Friday, May 15, 2009

Weddings

Weddings

Well today I head to Riga to get married, the first time this month. Two weeks from now I will get married again in Prague. I was married once before, 19 years ago, in Connecticut. You might be thinking that I may be a global polygamist. I am not. My first marriage ended three years after it started. There is one woman at both the Riga and Prague weddings. One is a civil marriage, one a church service. Two friends will be the only guests present at the civil ceremony in Riga, a Latvian couple we are friendly with will serve as witnesses. The second, a church wedding, will be at St Barbara’s Chapel at Saint Thomas Church in the Augustinian Monastery in Prague. The civil wedding was recommended to us by our priest at Saint Thomas.
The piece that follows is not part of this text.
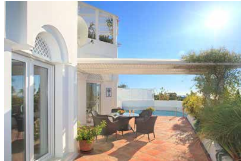
Ref 18278 ein Luxus-Apartment mit Privatpool und kompletter Astattung im modernsten Design auf Marbella's populärster Anhöhe um Euro 790.000

In allen Preisklassen sind beeindruckende Domizile zu erwerben U. a. sorgen Lagen direkt am Strand, verbunden mit einer soliden Bausubstanz für eine gute Wertanlage, die selbst genutzt wird, oder die später gewinnbringend verkauft werden kann. Vitalux Residencias bietet dabei eine feine Auswahl in verschiedensten Preisklassen an. Das Angebot richtet sich beispielweise an Interessenten für ein hochwertig saniertes Apartment an der Goldenen Meile Marbellas, über ein Luxus-Apartment mit Privatpool und kompletter Ausstattung im modernsten Design auf Marbellas populärster Anhöhe bis zu einem Palast in bester Stadtlage. Gesteigerter Wert wird auf die Auswahl von Immobilien al auch auf eine gute Beratung gelegt.

With both of us being foreigners living in the Czech Republic, the administrative risks for a purely church wedding was a bit too high.

We have been hosting friends visits to Prague for two weeks now, it’s nice to slow down and just get married a few times, although, for the church wedding we will have visitors from the U.S. and Latvia, as well as a few local guests. Most of the guests are Schaubs (my family) from the U.S.; they require no planning and are not capable of any. It requires a consensus, which is mathematically impossible. This is creating a lot of unnatural feeling for my future spouse, but she has been around long enough to know how manage through it. All things with my family have a bit of unbelievable quality to them. I scheduled the wedding during one brother and his wife’s tip to Prague, 16 family members and friends are coming.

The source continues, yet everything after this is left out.